■ Material for the task
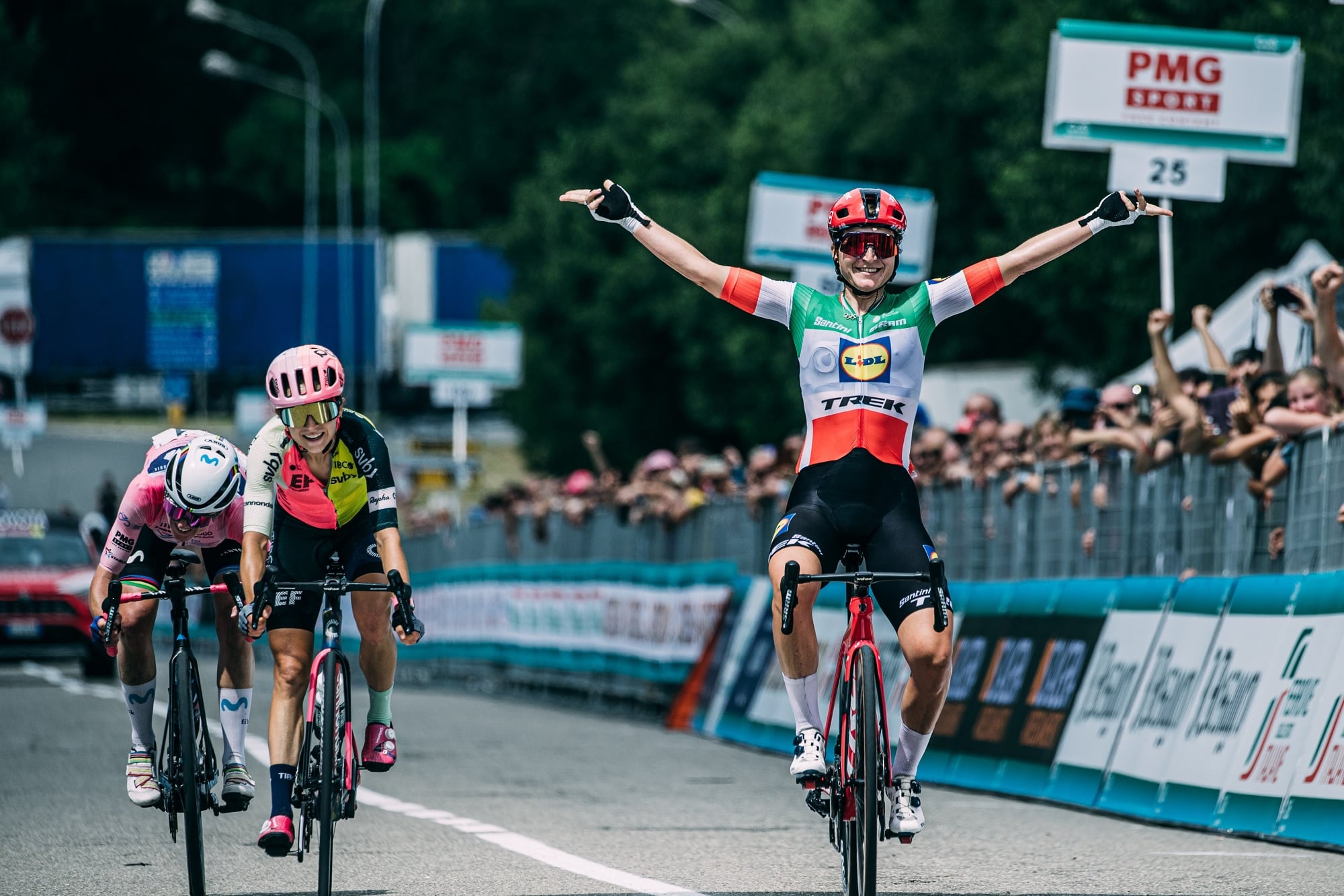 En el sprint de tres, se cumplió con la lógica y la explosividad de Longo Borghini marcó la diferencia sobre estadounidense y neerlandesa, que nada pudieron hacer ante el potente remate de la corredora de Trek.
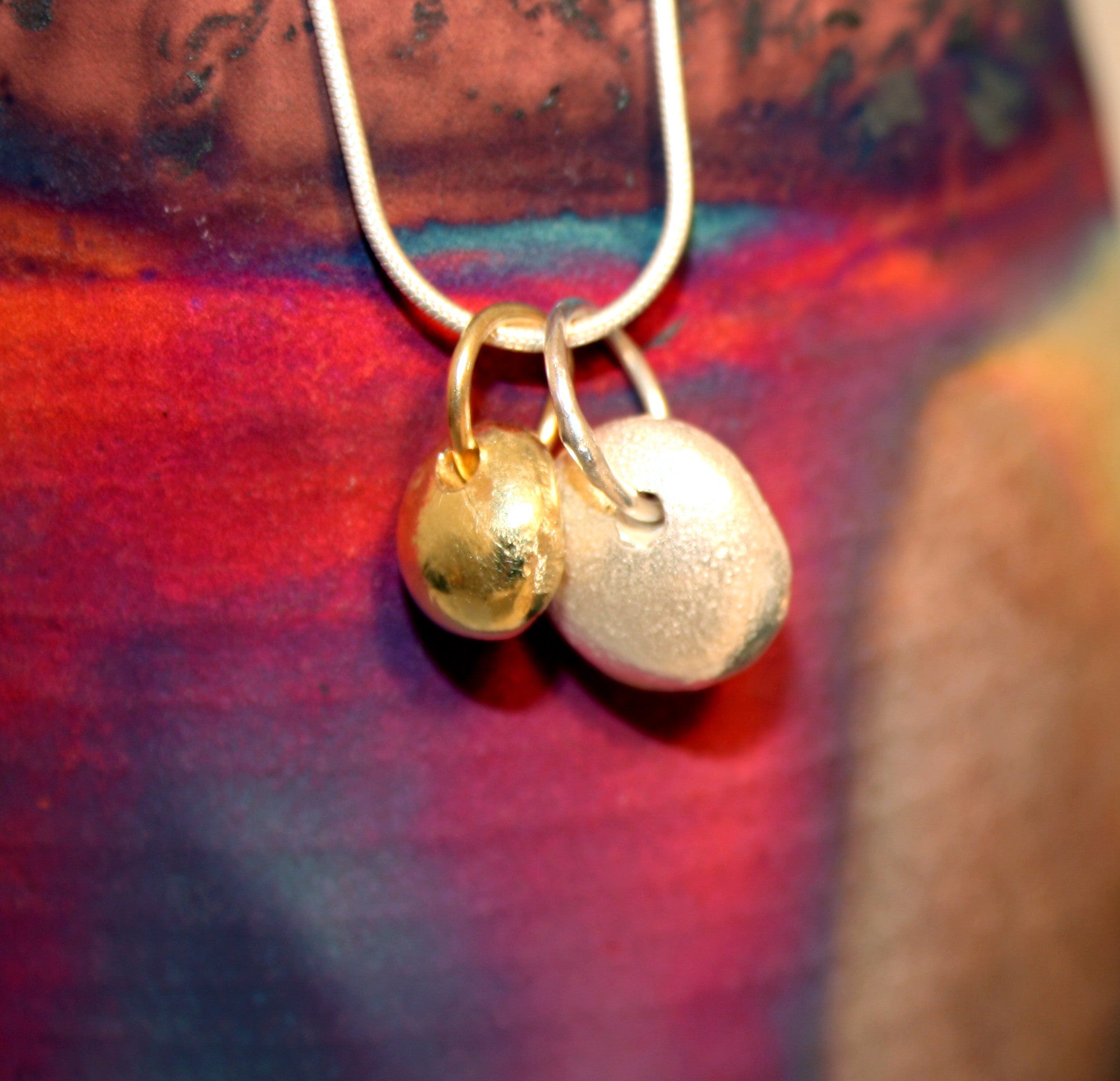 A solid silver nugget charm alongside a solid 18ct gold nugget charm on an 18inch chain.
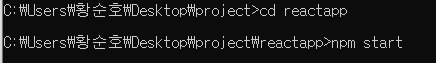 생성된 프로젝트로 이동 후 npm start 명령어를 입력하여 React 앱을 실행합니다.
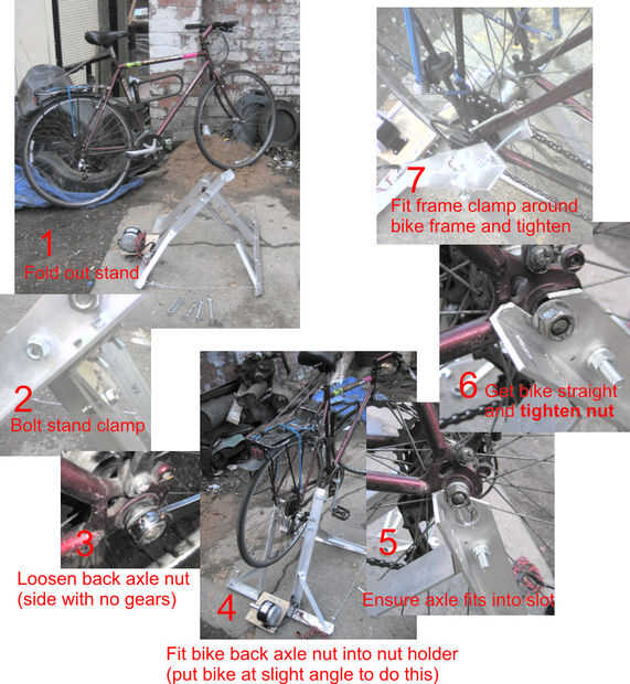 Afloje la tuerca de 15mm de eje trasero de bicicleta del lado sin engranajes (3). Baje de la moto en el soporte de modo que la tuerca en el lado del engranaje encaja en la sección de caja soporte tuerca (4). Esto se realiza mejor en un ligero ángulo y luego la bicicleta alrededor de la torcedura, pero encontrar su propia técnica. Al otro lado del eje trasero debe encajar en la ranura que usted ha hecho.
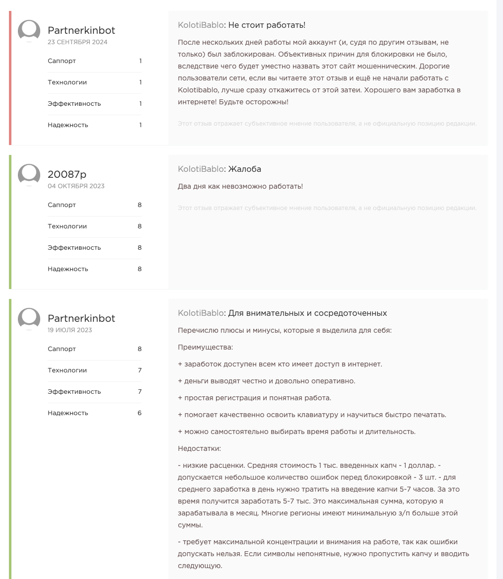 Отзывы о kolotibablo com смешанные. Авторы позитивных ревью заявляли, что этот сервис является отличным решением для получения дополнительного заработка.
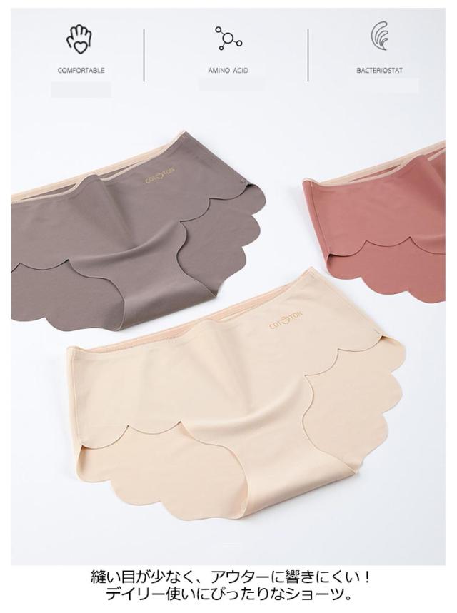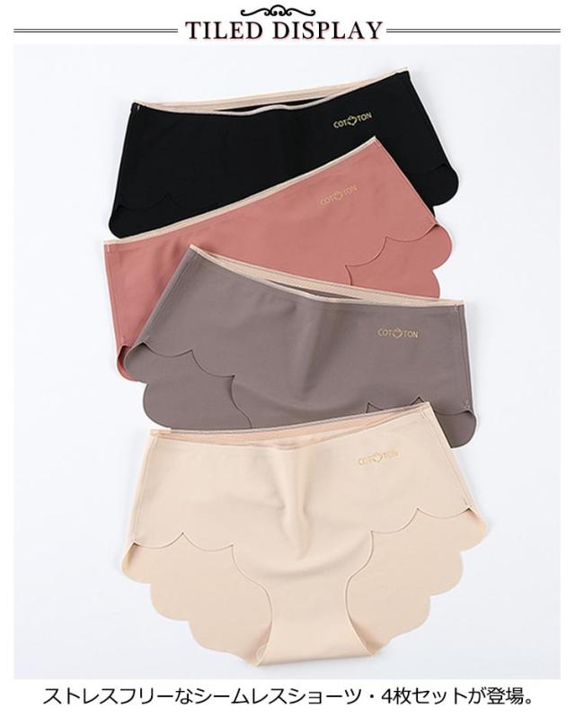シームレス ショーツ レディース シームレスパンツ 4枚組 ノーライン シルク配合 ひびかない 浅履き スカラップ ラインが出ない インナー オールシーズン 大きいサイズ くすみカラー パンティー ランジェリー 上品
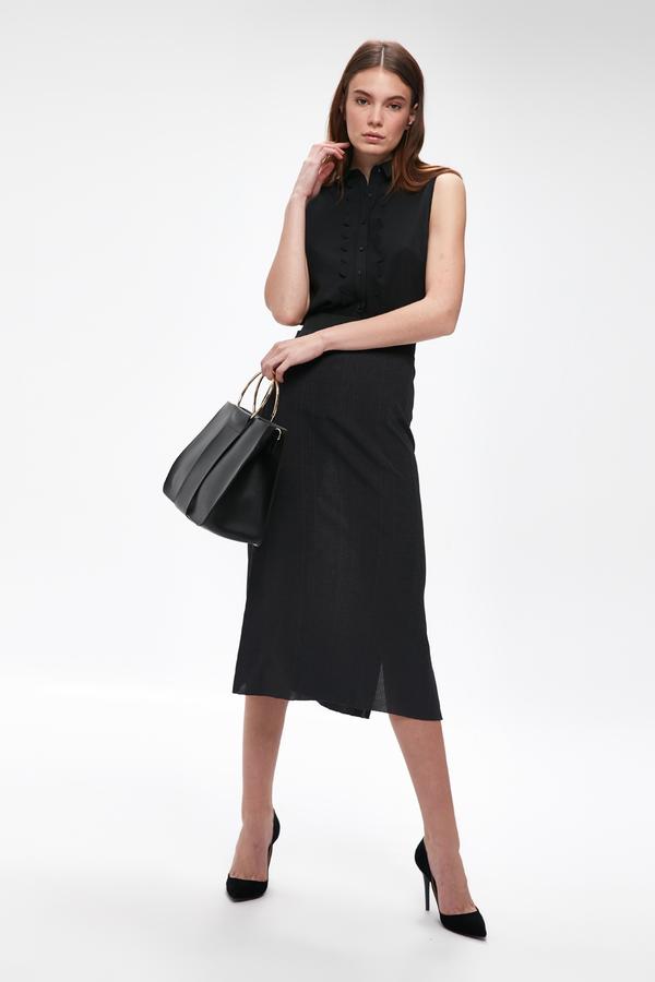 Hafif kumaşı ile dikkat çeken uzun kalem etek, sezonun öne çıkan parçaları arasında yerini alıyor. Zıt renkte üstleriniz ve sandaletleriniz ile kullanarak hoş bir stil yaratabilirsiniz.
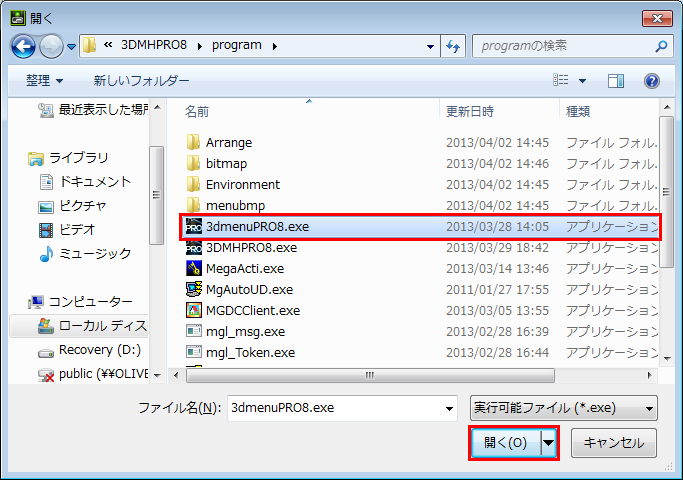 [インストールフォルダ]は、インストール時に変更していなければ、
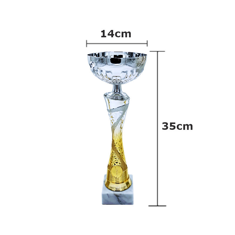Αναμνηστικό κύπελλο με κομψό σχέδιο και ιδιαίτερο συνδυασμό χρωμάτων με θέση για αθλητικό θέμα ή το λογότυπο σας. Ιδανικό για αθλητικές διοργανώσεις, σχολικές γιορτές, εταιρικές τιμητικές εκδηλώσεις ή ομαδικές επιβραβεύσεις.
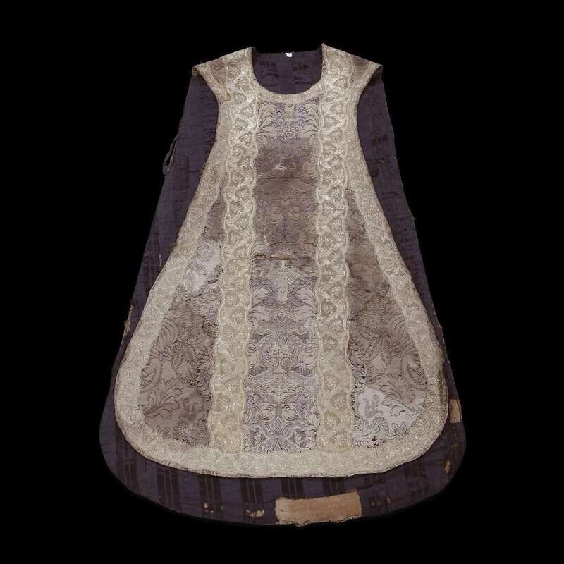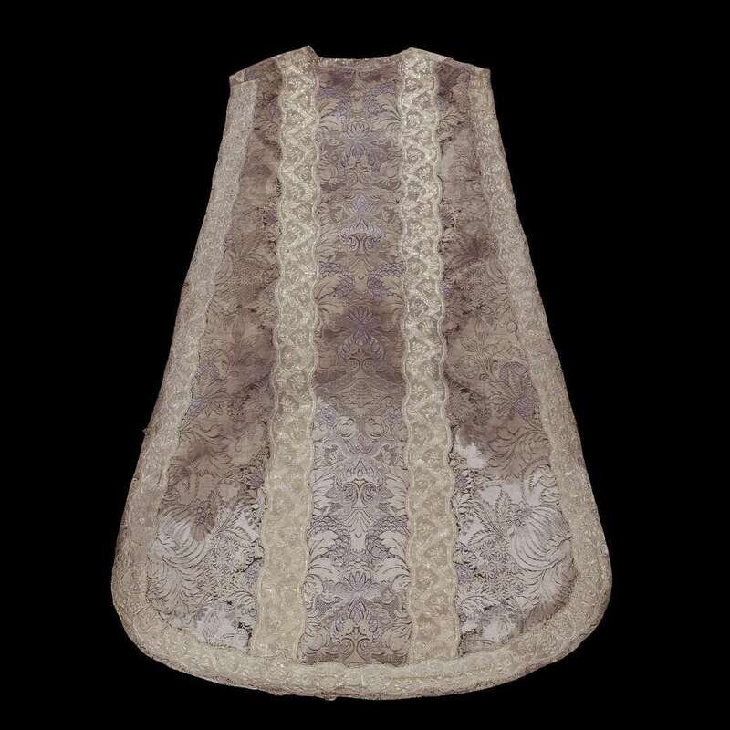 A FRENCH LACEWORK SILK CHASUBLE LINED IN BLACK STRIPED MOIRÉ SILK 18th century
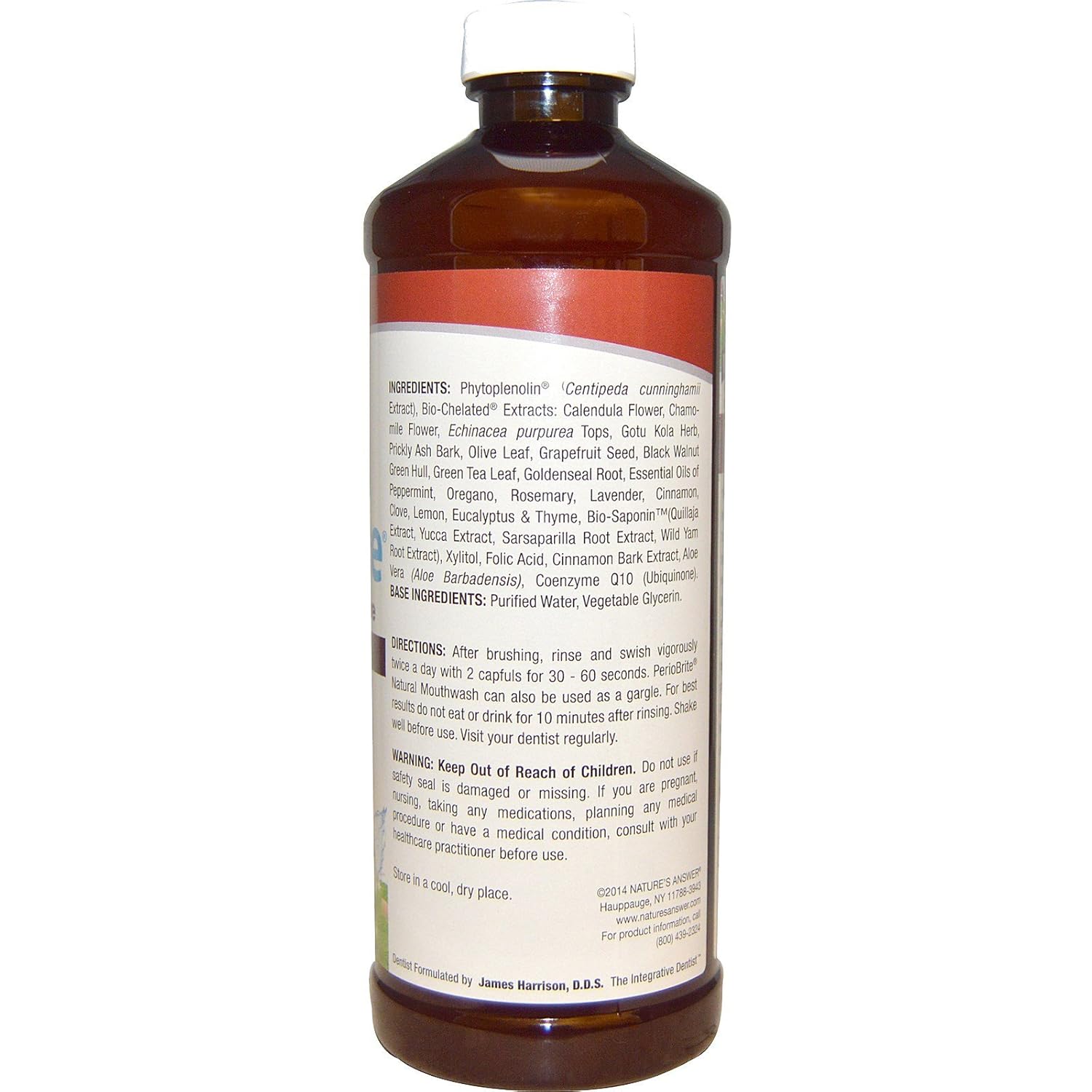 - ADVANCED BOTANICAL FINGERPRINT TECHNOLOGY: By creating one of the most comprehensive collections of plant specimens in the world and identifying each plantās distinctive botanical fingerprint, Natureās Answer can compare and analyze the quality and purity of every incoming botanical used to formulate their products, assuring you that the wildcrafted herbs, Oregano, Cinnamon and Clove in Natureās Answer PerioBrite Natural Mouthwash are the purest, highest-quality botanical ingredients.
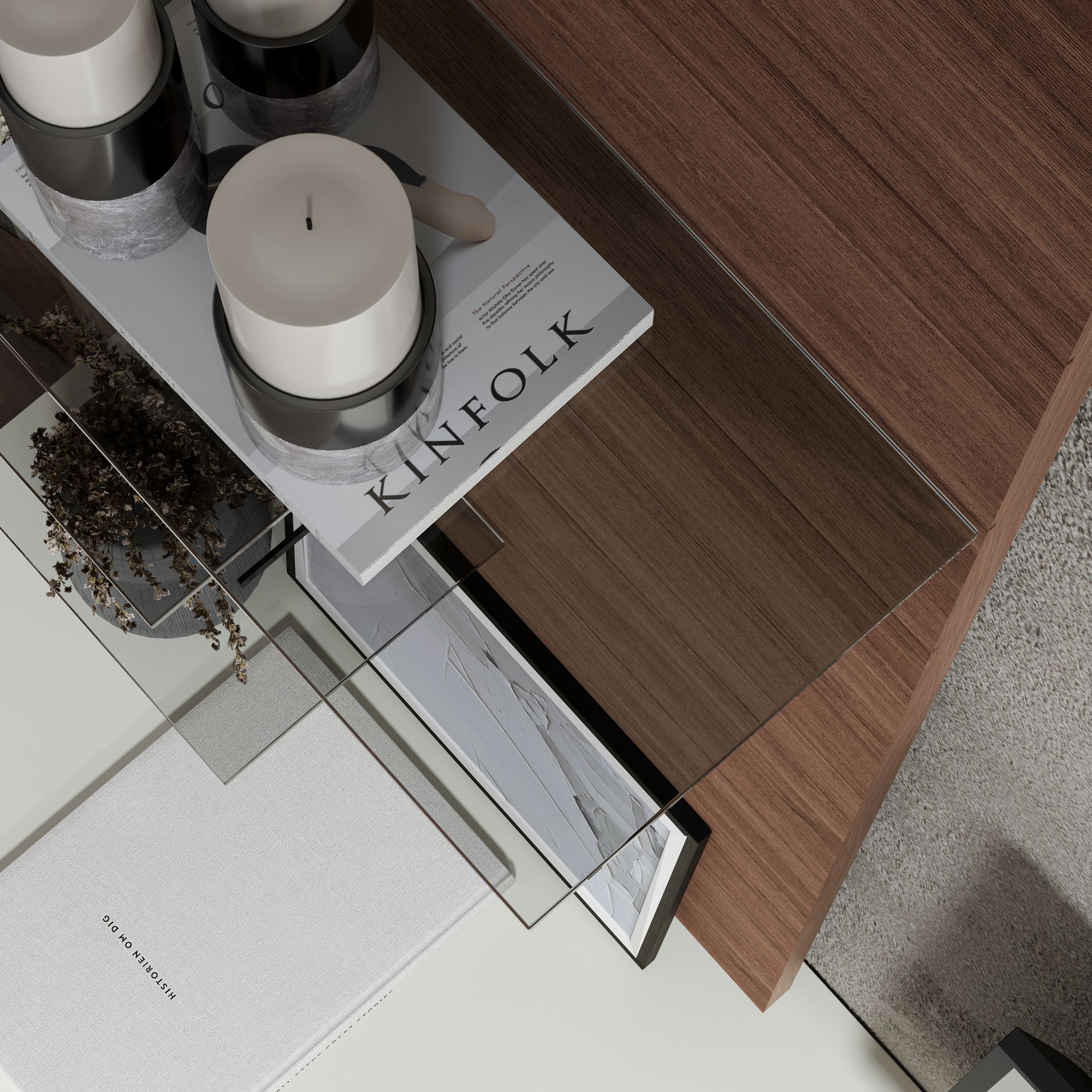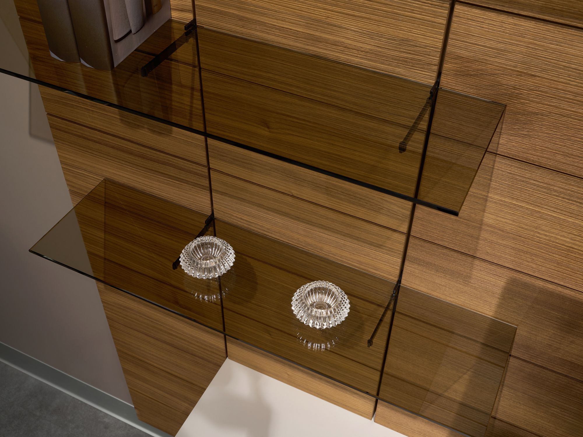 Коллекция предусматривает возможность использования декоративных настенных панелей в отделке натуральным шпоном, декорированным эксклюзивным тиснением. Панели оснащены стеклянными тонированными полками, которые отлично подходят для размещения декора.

■ Task details
Write out exactly the lines above, from the very first through the line containing "A FRENCH LACEWORK", both kept, with the pictures removed.

■ Exercise output
 En el sprint de tres, se cumplió con la lógica y la explosividad de Longo Borghini marcó la diferencia sobre estadounidense y neerlandesa, que nada pudieron hacer ante el potente remate de la corredora de Trek.
 A solid silver nugget charm alongside a solid 18ct gold nugget charm on an 18inch chain.
 생성된 프로젝트로 이동 후 npm start 명령어를 입력하여 React 앱을 실행합니다.
 Afloje la tuerca de 15mm de eje trasero de bicicleta del lado sin engranajes (3). Baje de la moto en el soporte de modo que la tuerca en el lado del engranaje encaja en la sección de caja soporte tuerca (4). Esto se realiza mejor en un ligero ángulo y luego la bicicleta alrededor de la torcedura, pero encontrar su propia técnica. Al otro lado del eje trasero debe encajar en la ranura que usted ha hecho.
 Отзывы о kolotibablo com смешанные. Авторы позитивных ревью заявляли, что этот сервис является отличным решением для получения дополнительного заработка.
シームレス ショーツ レディース シームレスパンツ 4枚組 ノーライン シルク配合 ひびかない 浅履き スカラップ ラインが出ない インナー オールシーズン 大きいサイズ くすみカラー パンティー ランジェリー 上品
 Hafif kumaşı ile dikkat çeken uzun kalem etek, sezonun öne çıkan parçaları arasında yerini alıyor. Zıt renkte üstleriniz ve sandaletleriniz ile kullanarak hoş bir stil yaratabilirsiniz.
 [インストールフォルダ]は、インストール時に変更していなければ、
Αναμνηστικό κύπελλο με κομψό σχέδιο και ιδιαίτερο συνδυασμό χρωμάτων με θέση για αθλητικό θέμα ή το λογότυπο σας. Ιδανικό για αθλητικές διοργανώσεις, σχολικές γιορτές, εταιρικές τιμητικές εκδηλώσεις ή ομαδικές επιβραβεύσεις.
 A FRENCH LACEWORK SILK CHASUBLE LINED IN BLACK STRIPED MOIRÉ SILK 18th century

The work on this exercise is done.